— DATA RECORDS —
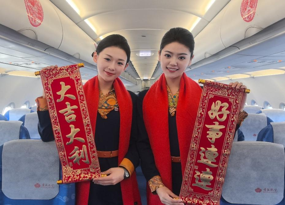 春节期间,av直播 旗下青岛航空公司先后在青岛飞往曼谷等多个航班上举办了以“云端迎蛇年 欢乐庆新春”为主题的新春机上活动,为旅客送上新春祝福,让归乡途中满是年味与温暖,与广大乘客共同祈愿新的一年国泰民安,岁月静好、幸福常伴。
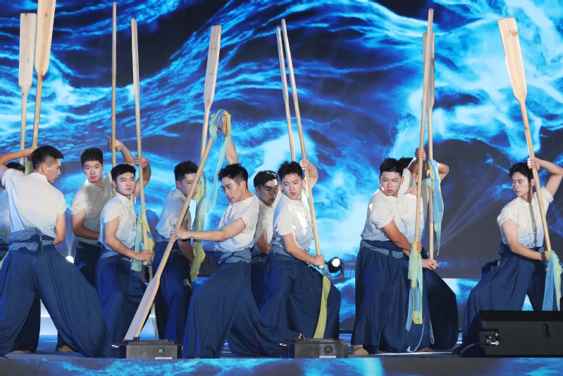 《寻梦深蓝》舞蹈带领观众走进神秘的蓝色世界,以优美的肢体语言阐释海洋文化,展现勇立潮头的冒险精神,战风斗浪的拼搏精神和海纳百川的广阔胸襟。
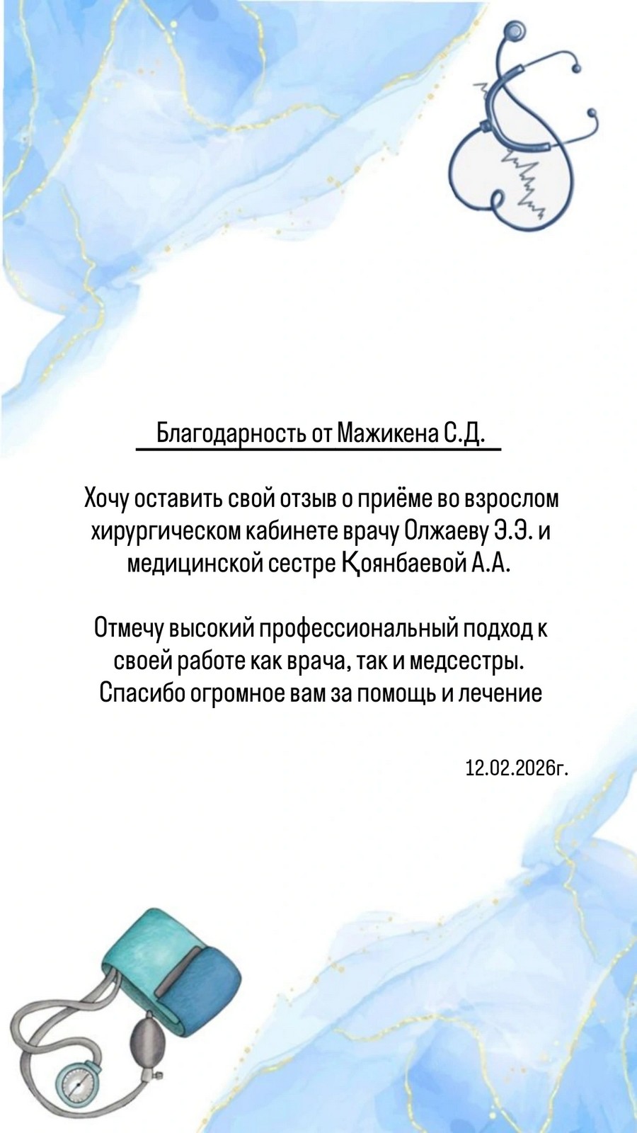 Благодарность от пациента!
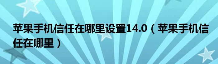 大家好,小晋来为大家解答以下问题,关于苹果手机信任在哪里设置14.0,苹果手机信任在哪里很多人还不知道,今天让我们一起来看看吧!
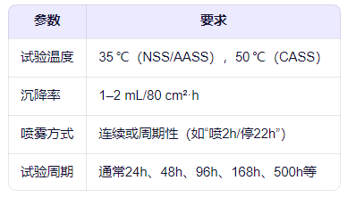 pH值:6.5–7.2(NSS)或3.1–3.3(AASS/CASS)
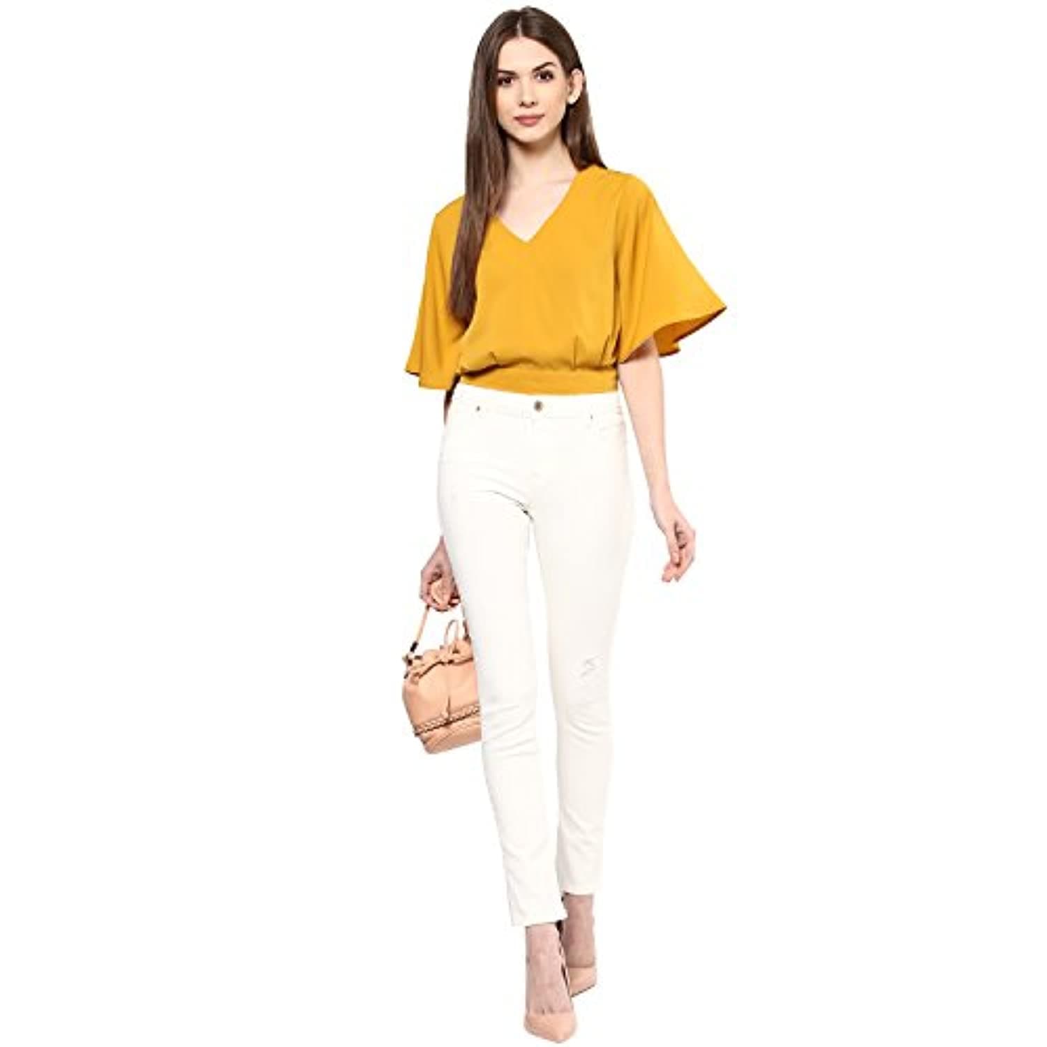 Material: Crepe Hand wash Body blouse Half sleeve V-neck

— YOUR OBJECTIVE —
Leaving out every picture, copy exactly the lines from the one that contains "大家好,小晋来为大家解答以下" through the end of the entries above.

— EXERCISE RESULT —
 大家好,小晋来为大家解答以下问题,关于苹果手机信任在哪里设置14.0,苹果手机信任在哪里很多人还不知道,今天让我们一起来看看吧!
 pH值:6.5–7.2(NSS)或3.1–3.3(AASS/CASS)
 Material: Crepe Hand wash Body blouse Half sleeve V-neck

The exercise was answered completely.